YOUR ASSIGNMENT:
Set down the entries exactly as they appear, apart from the images, which stay out.

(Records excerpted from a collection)

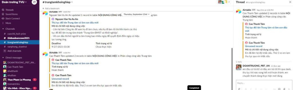 Đoàn trường ĐHTV: Áp dụng sáng tạo công cụ Slack trong việc theo dõi tiến độ công việc tự động 18/10/2021
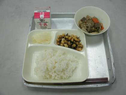今日の給食は、筑前煮、ひじき豆、だいこんのゆず風味、ごはん、牛乳です。
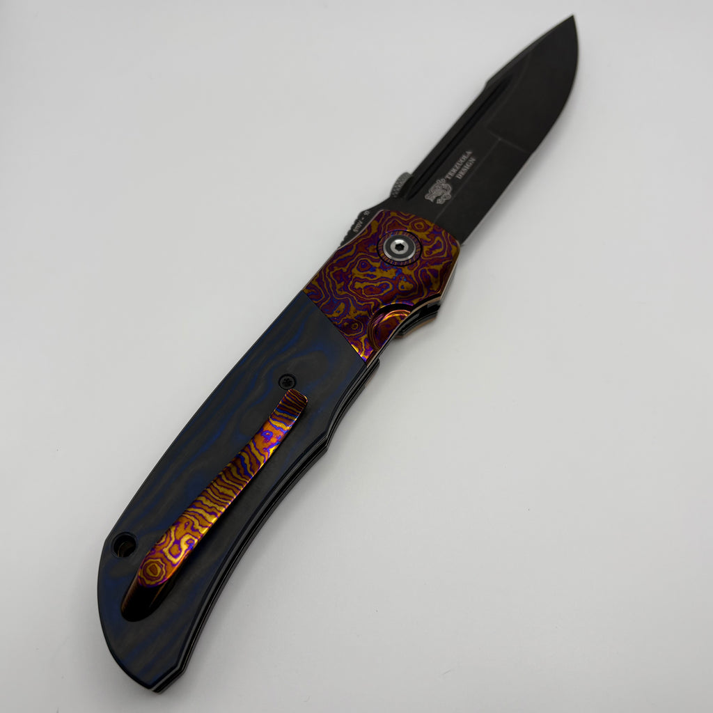 This is a Bob Terzuola design brought to life by Custom Knife Factory! This knife features a MRBS with a CPM-S110V compound ground blackwash blade. It has blue/black carbon fiber scales and timascus bolsters/collars/clip with a carved timascus backspacer. This can be opened with the thumb stud, flipper tab, or with the front flipper.
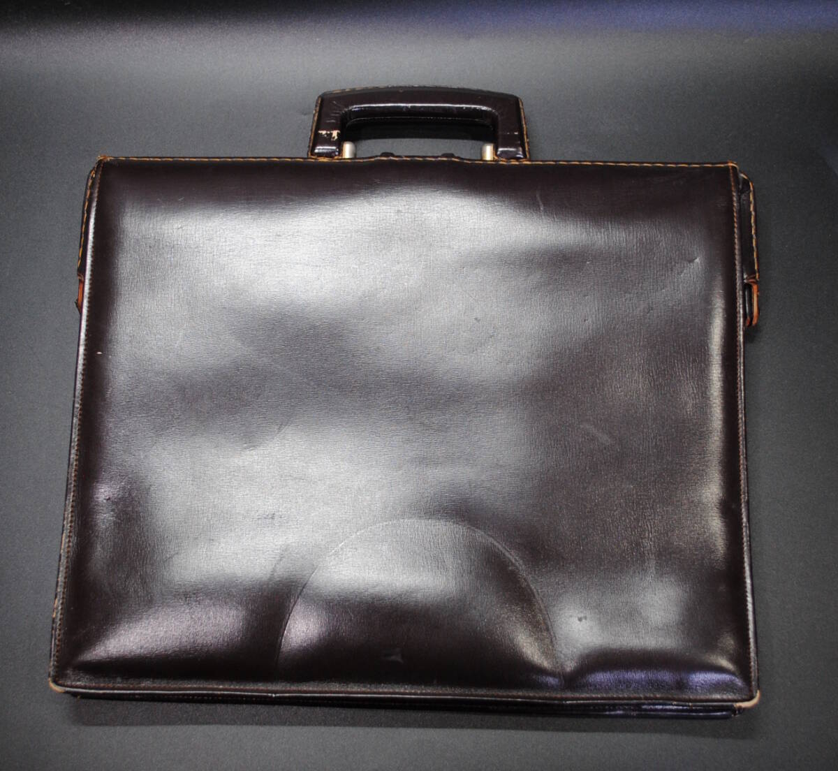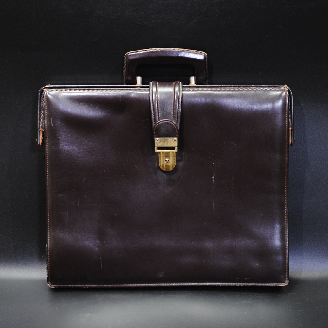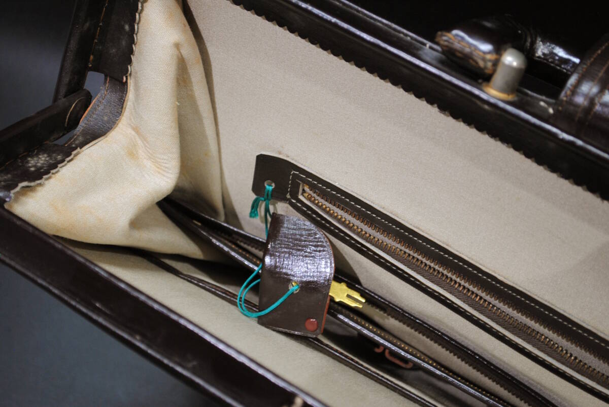 【売切り屋】レザーバッグ ビジネスバッグ 鞄 本革 リムダレスバッグ ダークブラン こげ茶色 メンズ アンティーク レトロ ヴィンテージ
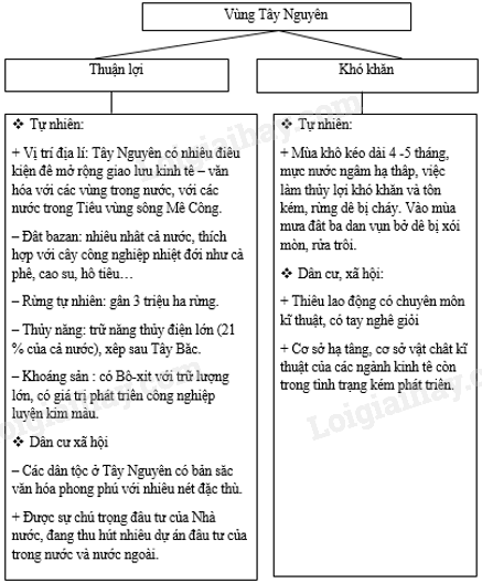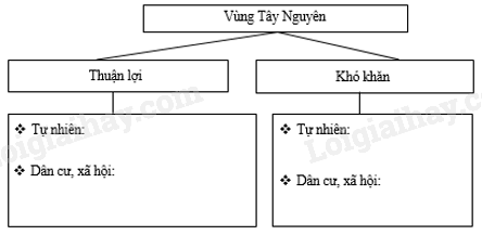 Hoàn thành sơ đồ dưới đây, nêu rõ thuận lợi và khó khăn về điều kiện tự nhiên và điều kiện kinh tế – xã hội của Tây Nguyên khi xây dựng và phát triển kinh tế.
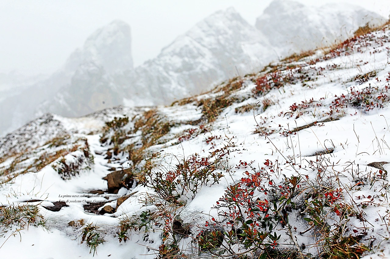 첫눈의 마법은 돌로미티에서 살아가고 있었던 풀꽃을 살포시 덮으며 시간여행을 재촉하고 있었다. 이곳은 9월이 오시면 이미 겨울나라로 접어드는 것인지 짧은 시간 동안 부지런히 꽃을 피웠건만 먼 길을 떠나야 하는 운명의 날을 맞이한 것이다. 미치도록 아름답고 애잔한 풍경이 돌로미티의 한 고갯마루에 펼쳐지고 있었다.
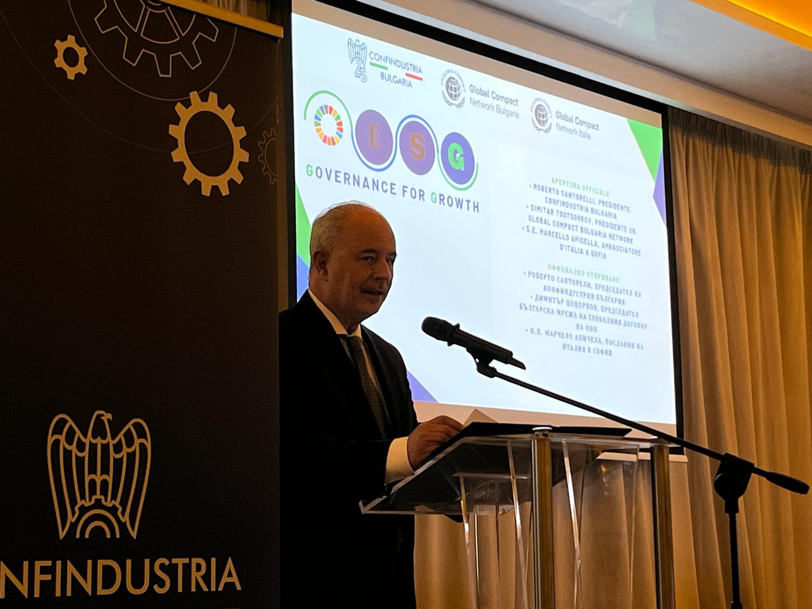 На 1 октомври посланикът на Италия в София Марчело Апичела говори по повод второто издание на Международната конференция „ESG: Трансформиращо управление за растеж на бизнеса“, организирана от Конфиндустрия България с подкрепата на Посолството на Италия в София и в сътрудничество с Българската и Италианската мрежи на Глобалния договор на ООН, която се проведе в хотел Интерконтинентал в София.
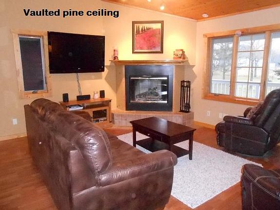 Less than a mile from town is this newer ranch style home on 1.14 acres. Beautiful LR featuring wood burning FP, vaulted pine ceiling, unique black walnut wall and huge picture window overlooking yard and covered porch. BA with deep soaking tub and shower stall. Well-planned KT w/maple cabinetry, built-in desk/work center and ''Corian'' counters. Rustic knotty pine 6 panel doors throughout. Main flr lndry. Garage offers over 780 additional heated square footage designed for future living space if desired.
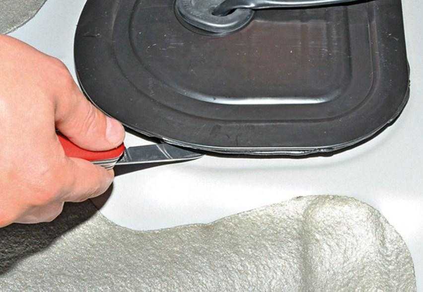 - Подрезать герметик ножом по квадрату крышки люка топливного модуля. Отвести крышку люка.
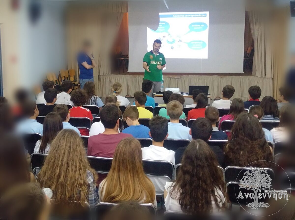 Οι μαθητές του Γυμνασίου μας καθώς και οι μαθητές της Ε και Στ Δημοτικού ενημερώθηκαν για το Διαδίκτυο και τους κινδύνους που κρύβει, από τους υπευθύνους της Δίωξης Ηλεκτρονικού Εγκλήματος της Ασφάλειας Πατρών. Οι κύριοι Αγγελόπουλος Γ. και Λυγερός Γ. με σαφήνεια και παραστατικότητα ενημέρωσαν τους μαθητές και παράλληλα απάντησαν στα ερωτήματα τα οποία τους έθεσαν.
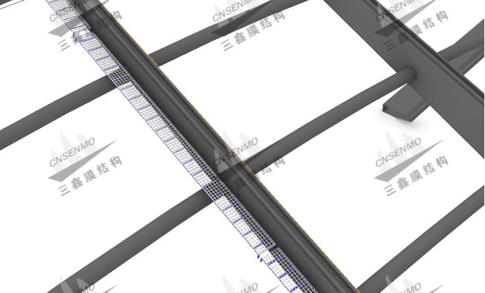 其一,结构系统交错叠合,节点密集且缝隙微小,膜片与钢构精准协调难度高。团队依托BIM建模,精准定位节点坐标与加工参数,确保每块膜材在空间中严丝合缝。
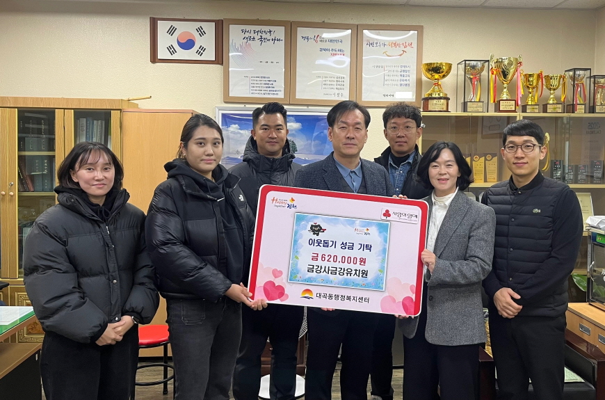 | 금강사 금강유치원은 지난 12월 26일 김수경 원장 및 학부모운영위원들이 대곡동행정복지센터를 방문하여 어려운 이웃을 위한 성금 62만 원을 전달하였다.
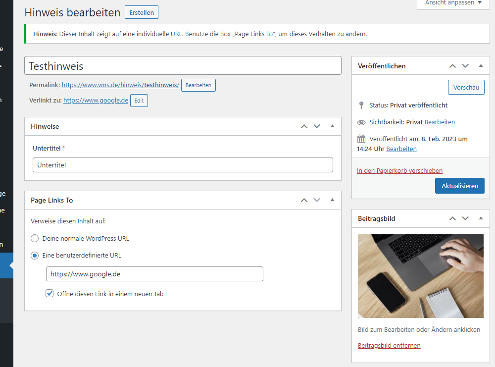 Für jeden Hinweis können ein Beitragsbild, Titel, Untertitel und ein interner oder externer Link festgelegt werden.
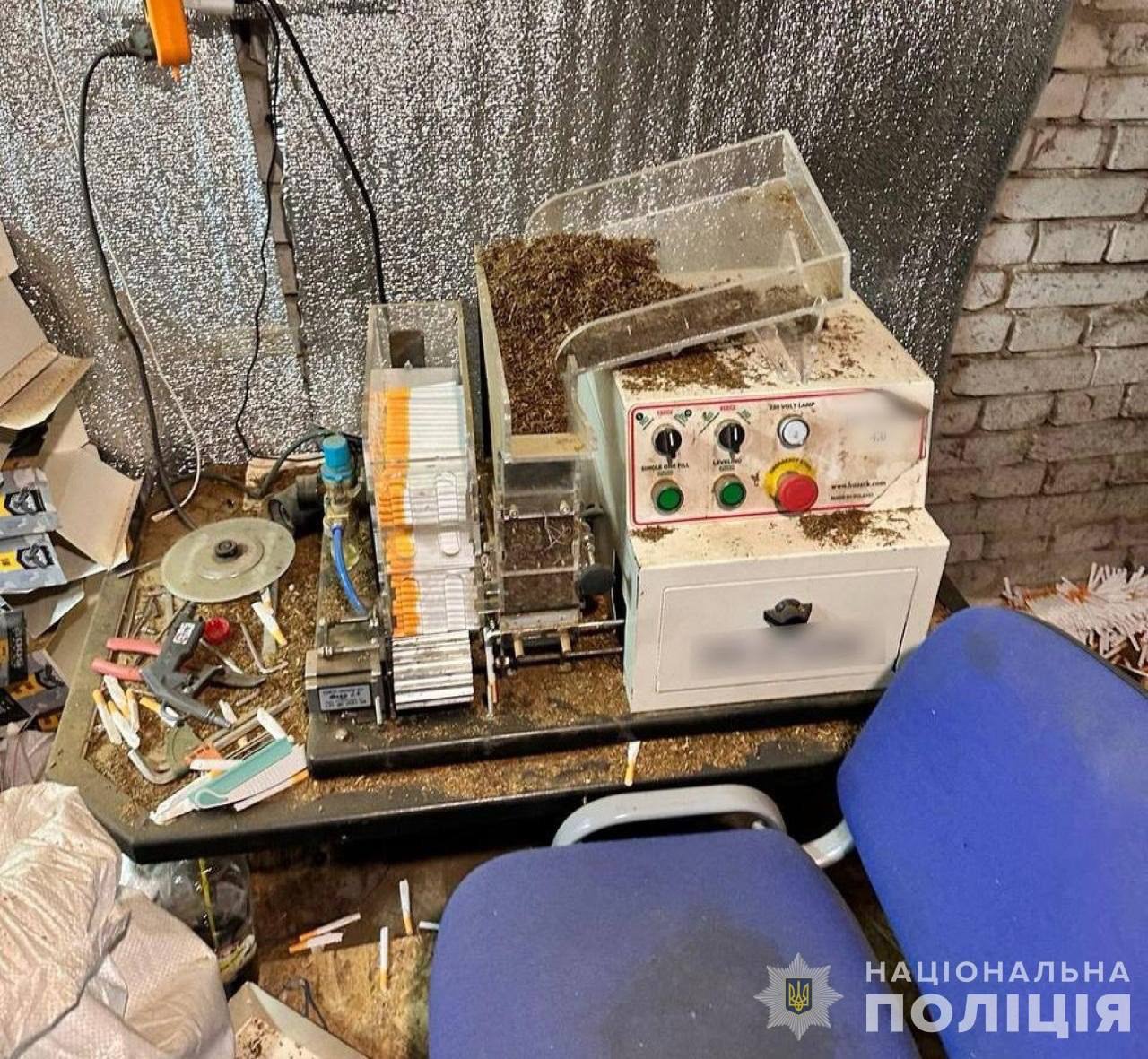 Підпільну мануфактуру викрили оперативники управління стратегічних розслідувань у Волинській області спільно зі слідчими слідчого управління обласної поліції. Виробництво цигарок ділки розмістили у гаражному приміщенні на території приватної садиби в одному з сіл регіону, де облаштували лінію зі спеціальним обладнанням.

RESPONSE AREA:
 Đoàn trường ĐHTV: Áp dụng sáng tạo công cụ Slack trong việc theo dõi tiến độ công việc tự động 18/10/2021
今日の給食は、筑前煮、ひじき豆、だいこんのゆず風味、ごはん、牛乳です。
 This is a Bob Terzuola design brought to life by Custom Knife Factory! This knife features a MRBS with a CPM-S110V compound ground blackwash blade. It has blue/black carbon fiber scales and timascus bolsters/collars/clip with a carved timascus backspacer. This can be opened with the thumb stud, flipper tab, or with the front flipper.
 【売切り屋】レザーバッグ ビジネスバッグ 鞄 本革 リムダレスバッグ ダークブラン こげ茶色 メンズ アンティーク レトロ ヴィンテージ
 Hoàn thành sơ đồ dưới đây, nêu rõ thuận lợi và khó khăn về điều kiện tự nhiên và điều kiện kinh tế – xã hội của Tây Nguyên khi xây dựng và phát triển kinh tế.
 첫눈의 마법은 돌로미티에서 살아가고 있었던 풀꽃을 살포시 덮으며 시간여행을 재촉하고 있었다. 이곳은 9월이 오시면 이미 겨울나라로 접어드는 것인지 짧은 시간 동안 부지런히 꽃을 피웠건만 먼 길을 떠나야 하는 운명의 날을 맞이한 것이다. 미치도록 아름답고 애잔한 풍경이 돌로미티의 한 고갯마루에 펼쳐지고 있었다.
 На 1 октомври посланикът на Италия в София Марчело Апичела говори по повод второто издание на Международната конференция „ESG: Трансформиращо управление за растеж на бизнеса“, организирана от Конфиндустрия България с подкрепата на Посолството на Италия в София и в сътрудничество с Българската и Италианската мрежи на Глобалния договор на ООН, която се проведе в хотел Интерконтинентал в София.
 Less than a mile from town is this newer ranch style home on 1.14 acres. Beautiful LR featuring wood burning FP, vaulted pine ceiling, unique black walnut wall and huge picture window overlooking yard and covered porch. BA with deep soaking tub and shower stall. Well-planned KT w/maple cabinetry, built-in desk/work center and ''Corian'' counters. Rustic knotty pine 6 panel doors throughout. Main flr lndry. Garage offers over 780 additional heated square footage designed for future living space if desired.
 - Подрезать герметик ножом по квадрату крышки люка топливного модуля. Отвести крышку люка.
 Οι μαθητές του Γυμνασίου μας καθώς και οι μαθητές της Ε και Στ Δημοτικού ενημερώθηκαν για το Διαδίκτυο και τους κινδύνους που κρύβει, από τους υπευθύνους της Δίωξης Ηλεκτρονικού Εγκλήματος της Ασφάλειας Πατρών. Οι κύριοι Αγγελόπουλος Γ. και Λυγερός Γ. με σαφήνεια και παραστατικότητα ενημέρωσαν τους μαθητές και παράλληλα απάντησαν στα ερωτήματα τα οποία τους έθεσαν.
 其一,结构系统交错叠合,节点密集且缝隙微小,膜片与钢构精准协调难度高。团队依托BIM建模,精准定位节点坐标与加工参数,确保每块膜材在空间中严丝合缝。
 | 금강사 금강유치원은 지난 12월 26일 김수경 원장 및 학부모운영위원들이 대곡동행정복지센터를 방문하여 어려운 이웃을 위한 성금 62만 원을 전달하였다.
 Für jeden Hinweis können ein Beitragsbild, Titel, Untertitel und ein interner oder externer Link festgelegt werden.
 Підпільну мануфактуру викрили оперативники управління стратегічних розслідувань у Волинській області спільно зі слідчими слідчого управління обласної поліції. Виробництво цигарок ділки розмістили у гаражному приміщенні на території приватної садиби в одному з сіл регіону, де облаштували лінію зі спеціальним обладнанням.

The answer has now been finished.